[Data to process]
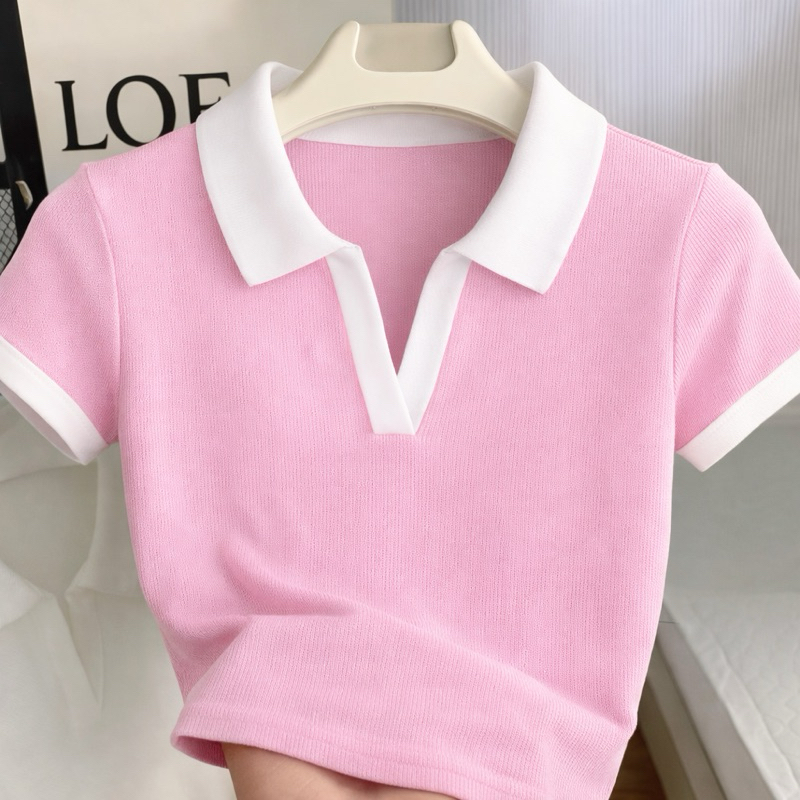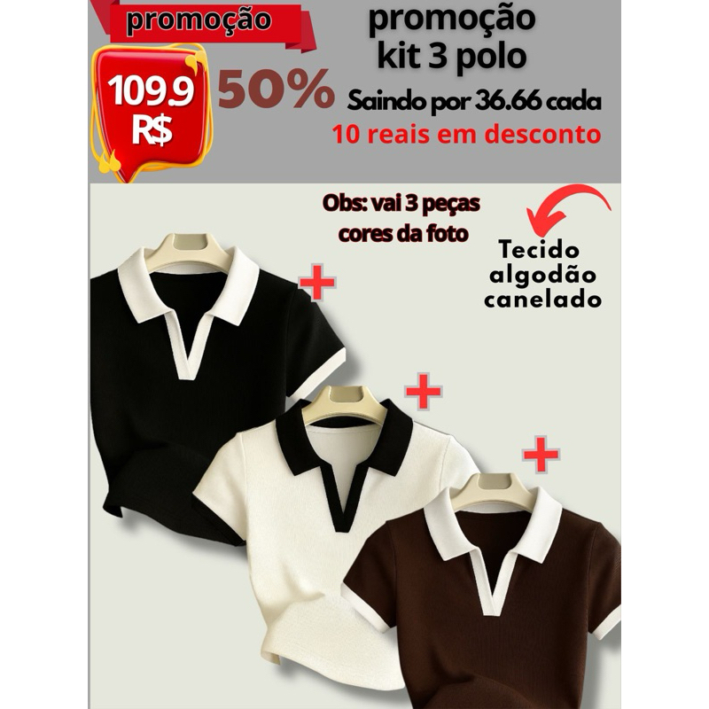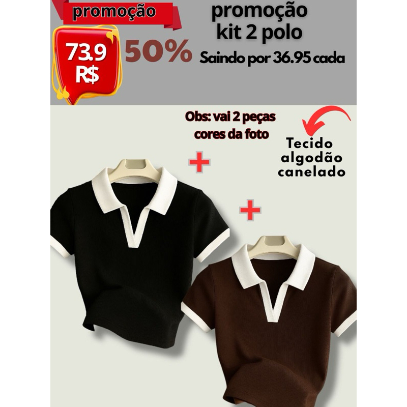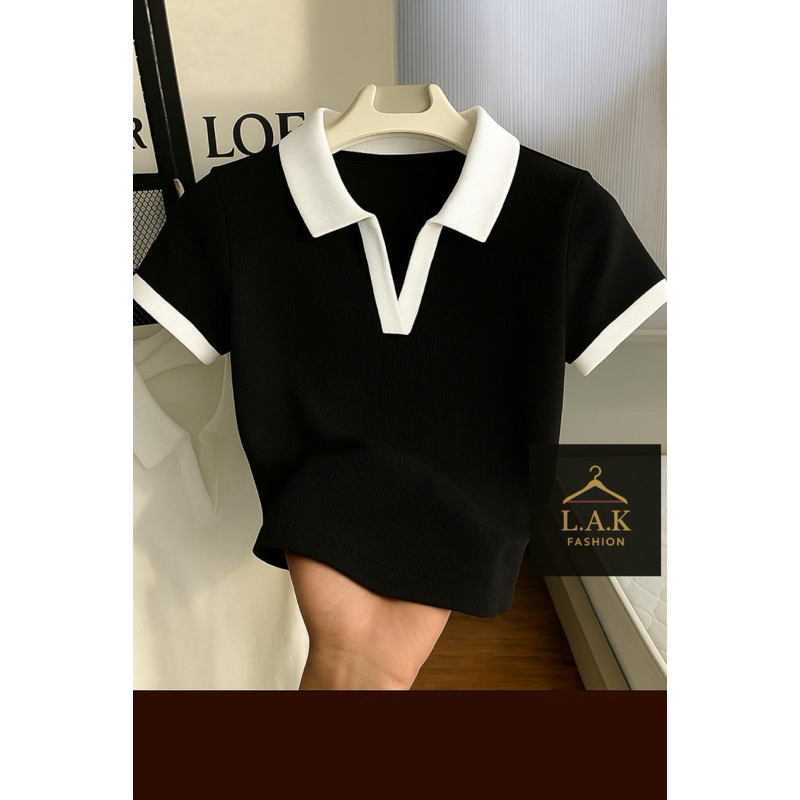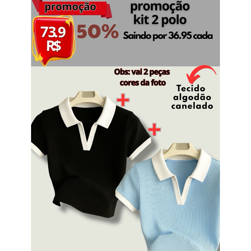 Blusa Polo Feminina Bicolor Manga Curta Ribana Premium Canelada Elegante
---
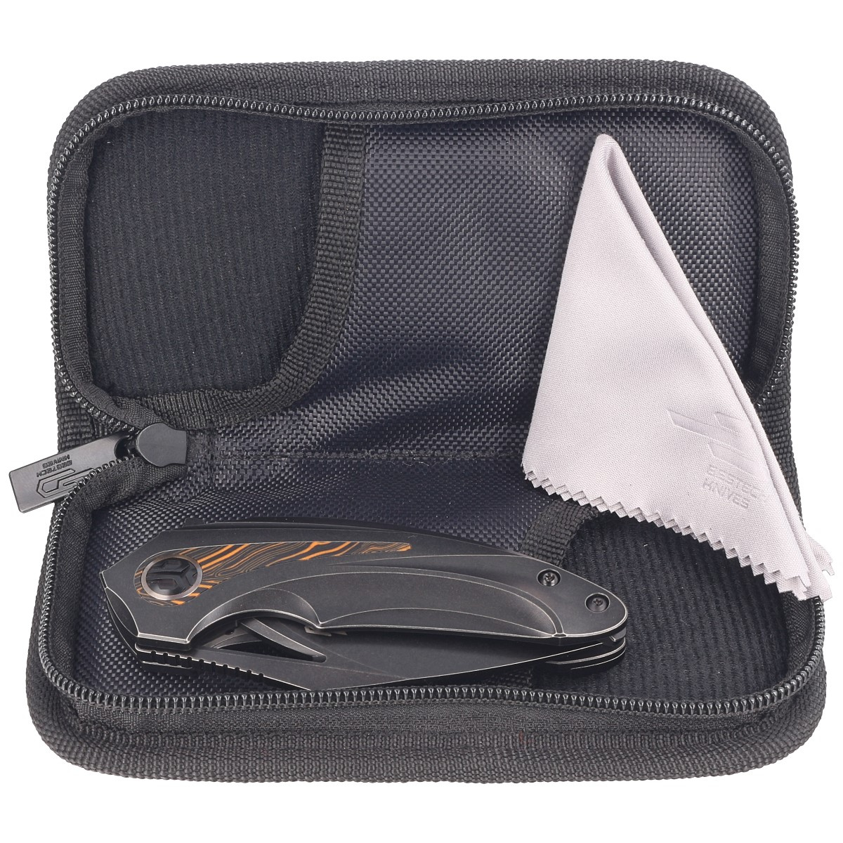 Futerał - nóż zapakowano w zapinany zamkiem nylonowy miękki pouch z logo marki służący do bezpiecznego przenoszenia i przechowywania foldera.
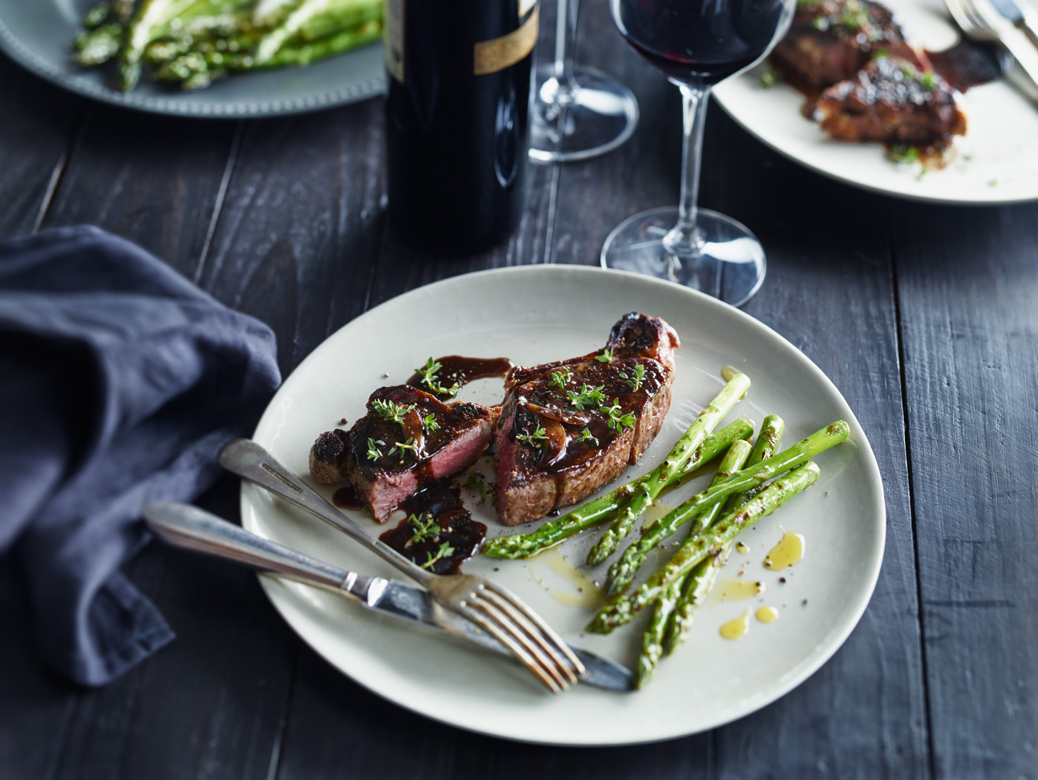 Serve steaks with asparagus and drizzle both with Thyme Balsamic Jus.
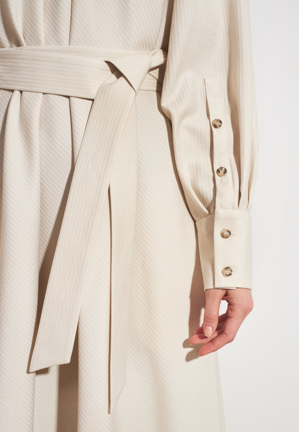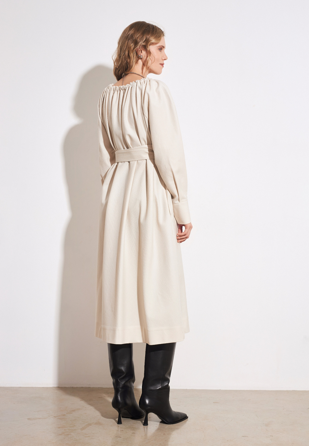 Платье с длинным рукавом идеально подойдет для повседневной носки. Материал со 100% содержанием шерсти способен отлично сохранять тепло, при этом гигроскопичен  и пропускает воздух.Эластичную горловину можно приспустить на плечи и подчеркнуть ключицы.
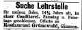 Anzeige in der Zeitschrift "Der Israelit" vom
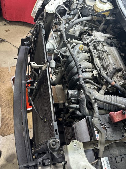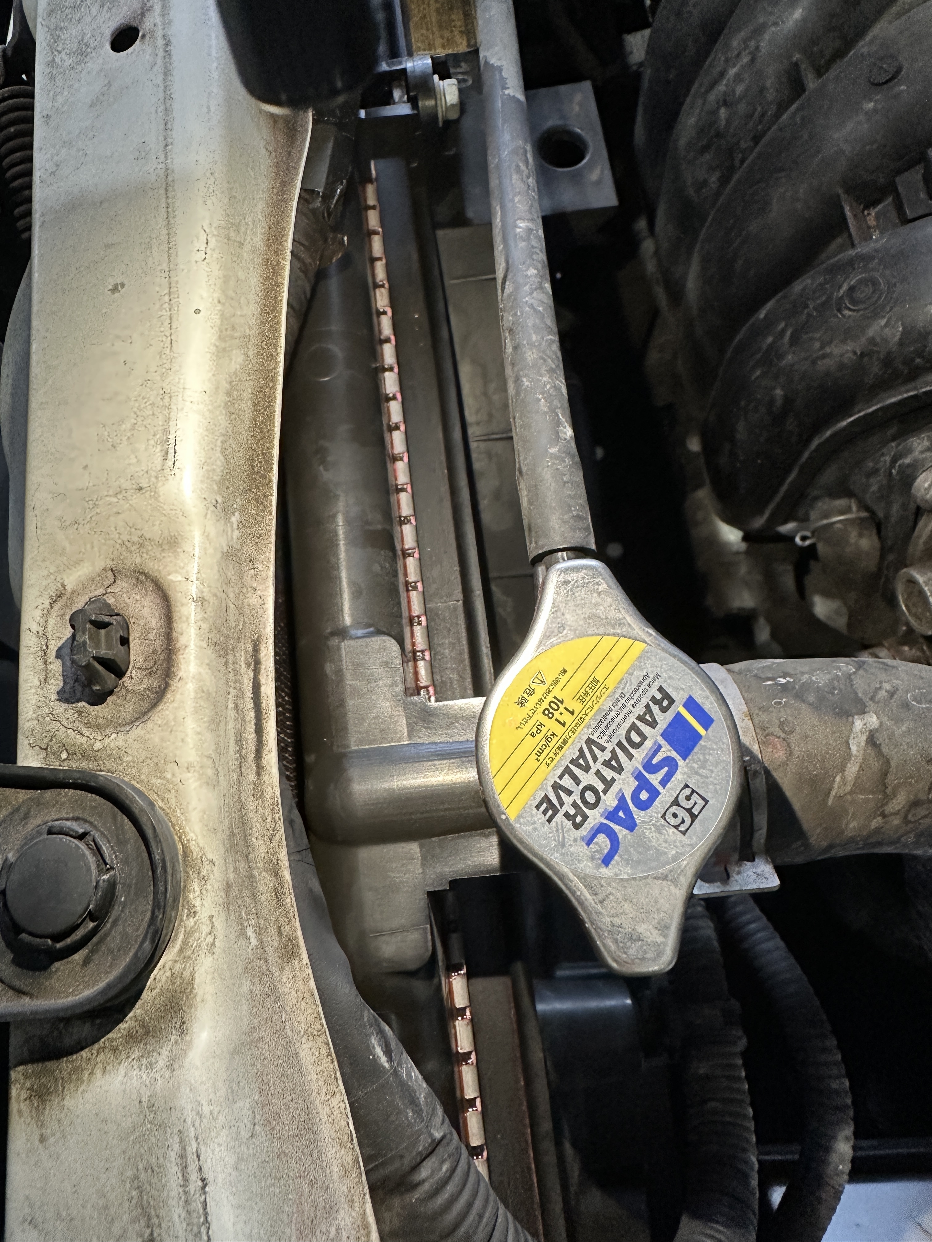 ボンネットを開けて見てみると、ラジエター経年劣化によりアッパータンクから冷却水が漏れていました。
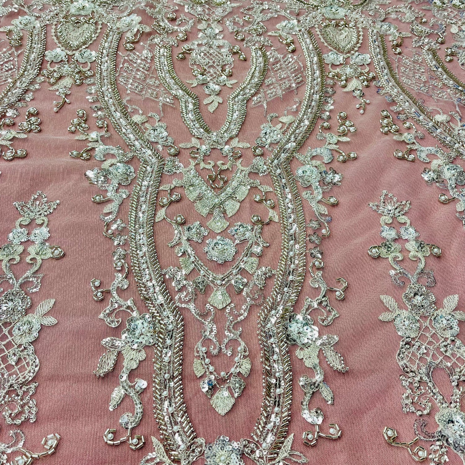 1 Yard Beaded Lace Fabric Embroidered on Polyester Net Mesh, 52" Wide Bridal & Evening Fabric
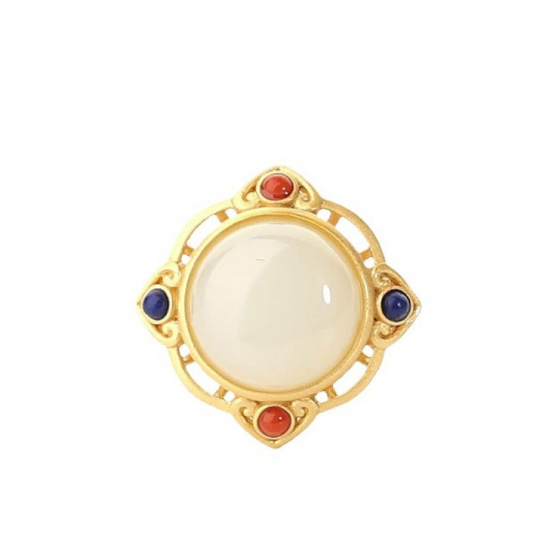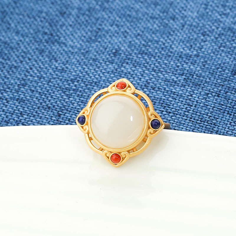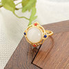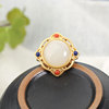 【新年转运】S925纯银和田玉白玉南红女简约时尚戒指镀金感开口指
* * *
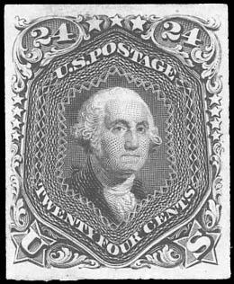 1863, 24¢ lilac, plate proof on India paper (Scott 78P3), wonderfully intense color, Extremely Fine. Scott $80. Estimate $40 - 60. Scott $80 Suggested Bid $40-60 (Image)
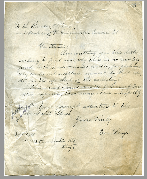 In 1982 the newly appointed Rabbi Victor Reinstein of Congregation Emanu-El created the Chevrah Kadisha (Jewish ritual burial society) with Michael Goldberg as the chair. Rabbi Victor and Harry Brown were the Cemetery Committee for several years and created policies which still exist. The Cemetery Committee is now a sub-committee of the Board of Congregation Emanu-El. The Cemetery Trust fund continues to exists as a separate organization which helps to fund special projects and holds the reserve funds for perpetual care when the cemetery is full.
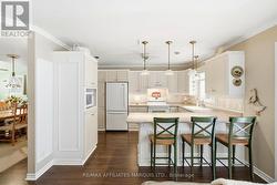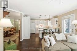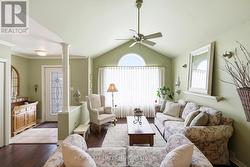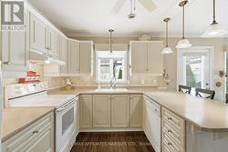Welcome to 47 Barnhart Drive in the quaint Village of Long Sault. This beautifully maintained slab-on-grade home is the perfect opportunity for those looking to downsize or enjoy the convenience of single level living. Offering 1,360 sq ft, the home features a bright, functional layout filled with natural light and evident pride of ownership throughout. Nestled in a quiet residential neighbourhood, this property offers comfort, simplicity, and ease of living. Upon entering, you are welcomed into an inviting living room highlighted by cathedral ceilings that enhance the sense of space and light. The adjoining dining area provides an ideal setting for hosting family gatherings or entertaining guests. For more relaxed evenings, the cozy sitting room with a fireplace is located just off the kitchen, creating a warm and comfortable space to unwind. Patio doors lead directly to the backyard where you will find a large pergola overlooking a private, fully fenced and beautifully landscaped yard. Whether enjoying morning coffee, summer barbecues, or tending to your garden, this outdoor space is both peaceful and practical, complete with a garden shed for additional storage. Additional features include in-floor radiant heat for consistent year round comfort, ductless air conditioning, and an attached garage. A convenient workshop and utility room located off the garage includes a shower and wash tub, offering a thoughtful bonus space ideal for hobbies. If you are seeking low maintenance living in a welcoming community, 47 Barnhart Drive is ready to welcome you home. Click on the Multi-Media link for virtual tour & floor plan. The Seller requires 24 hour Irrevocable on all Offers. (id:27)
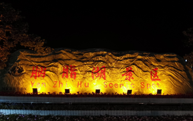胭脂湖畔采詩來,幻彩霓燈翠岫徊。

[Your instructions] Within the material above, find the part that opens with the line containing "Futerał - nóż zapakowano" and closes with the line containing "Serve steaks with", and reproduce it exactly without the pictures.

[Exercise result]
 Futerał - nóż zapakowano w zapinany zamkiem nylonowy miękki pouch z logo marki służący do bezpiecznego przenoszenia i przechowywania foldera.
 Serve steaks with asparagus and drizzle both with Thyme Balsamic Jus.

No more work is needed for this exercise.